Zrání (Ripening) is a poem in sound—a poem of dreams, with a rich, detailed, tapestry-like form of interwoven voices. It is so intuitive and personal that it is difficult to analyze by conventional methods. Suk himself tells us,
Consciously or unconsciously, I have learned much from German, French, Russian and other music, I have felt from my youth that it is my duty to express with what I had picked up. […] I express my own emotions and longings with my own musical discourse, which differs from that of other cultures […].

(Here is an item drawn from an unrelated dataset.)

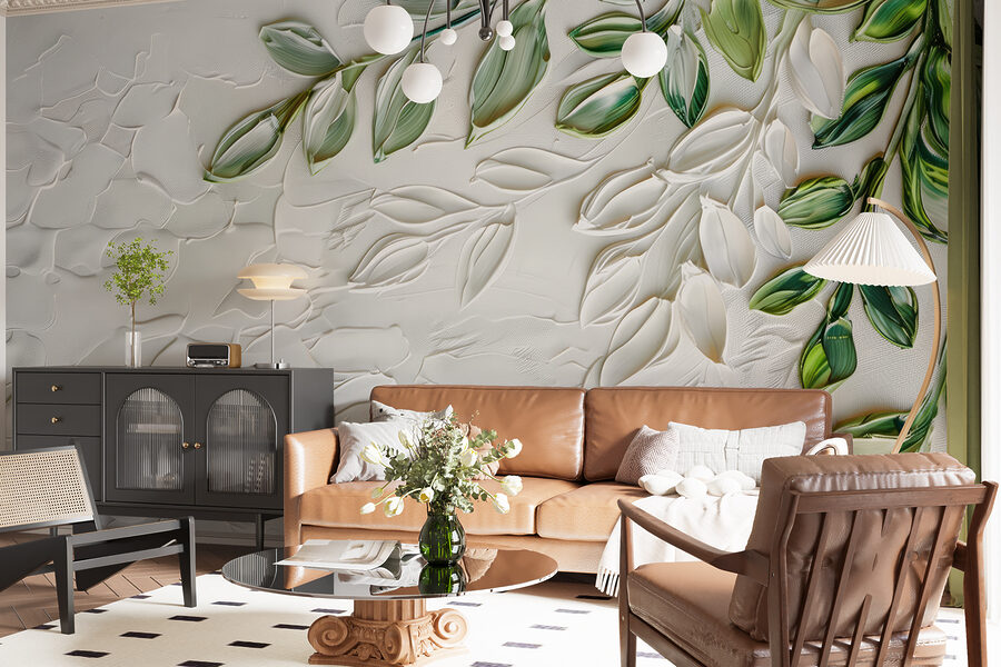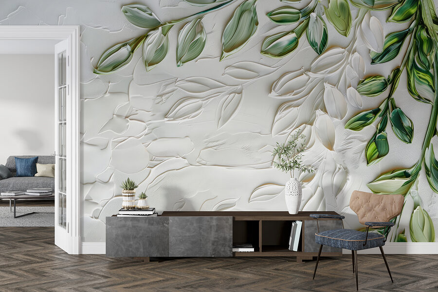 Jetez un coup d’œil à cette peinture murale captivante (w01470) ! C’est comme si vous pénétriez dans un jardin serein à chaque fois que vous entrez dans la pièce. La peinture murale présente de délicates feuilles vertes avec un effet 3D tellement cool qu’on a presque l’impression de pouvoir les toucher. Parfait pour tous ceux qui aiment les décorations inspirées de la nature avec une touche d’originalité.

Characteristics of the structure of Ripening can help us infer what these influences might have been. Above all, Dvořák's late symphonic poems seem to lead directly to one of Suk's most distinctive traits: music is used to convey empathetic thought and human experience to the listener. The works of Mahler and Bruckner that were popular in Prague from 1900 to 1914 would have given Suk practical examples of large-scale compositions for orchestra whose impetus was emotional and descriptive content. It is quite possible that Suk attended the open rehearsals for the world premiere of Mahler's Seventh Symphony in Prague in 1908; we know that his mentor Hanuš Wihan did attend them.
Debussy's Pelléas et Mélisande was performed in Prague in 1908, and Strauss's Elektra in 1910. These works would have given him an example of expressive musical texture built on sound itself rather than thematic material. Like Debussy's great orchestral works, Ripening is not built of fixed, easily analyzable architectural forms, but of organic, constantly changing tissue. Like D'Indy, he uses linked, episodic segments that give the impression of natural breath rather than deliberate pattern. He may have heard Rimsky- Korsakov's suite from Tsar Sultan in 1914. Like that Russian master, Suk has an impressive command of orchestration which permits all of the parts to be clearly heard, even in complex textures. This skill is especially evident in the final corrections made to the autograph; extremely fine adjustments are made to the voicing of chords, to the shape and length of figurations, to unusual combinations of instruments.